By using the data together, the combination elastography with platelets, sex, age and diabetes bloodwork outperformed elastography or FIB-4 alone. The area under the curve stepped up from 0.82 (95% CI, 0.8-0.84) for FIB-4 to 0.86 (95% CI, 0.84-0.88) for liver stiffness measurement to 0.9 (95% CI, 0.88-0.91) for Agile 3+, making it significantly more accurate (both P < .0001). With high rule-out cutoff and high rule-in cutoff, the number of indeterminate cases is just 13% with Agile 3+ vs. 30% with FIB-4 and 23% with liver stiffness measurement.

“Agile 3+, because it is more accurate for the diagnosis of advanced fibrosis, has significantly reduced the grey zone to less than 20%, which is much less than Fibroscan,” Boursier said. “It helps to organize the flux of patients between primary care and tertiary care. You have less patients without advanced liver fibrosis who are referred to the specialty ... and you increase the detection of patients with advanced liver fibrosis.”
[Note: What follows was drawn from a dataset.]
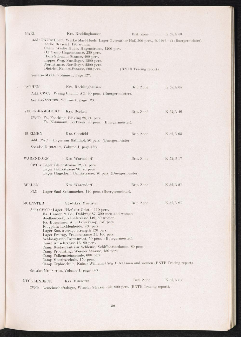 Band 2 (1950) Catalogue of Camps and Prisons in Germany and german-occupied Territories Sept. 1st, 1939 - May 8th, 1945 - Vol. II

Agile 3+ continued to outperform the other tests in the validation cohorts, with the indeterminate cases coming in at 17% and 18%.

“This innovative combination of blood markers with Fibroscan into a single super test improves the diagnostic accuracy and reduces the requirement for biopsy because the grey zone is much smaller, which is very interesting for clinical practice and identification of those patient in need for specialized management among the large population of NAFLD patients,” Boursier said.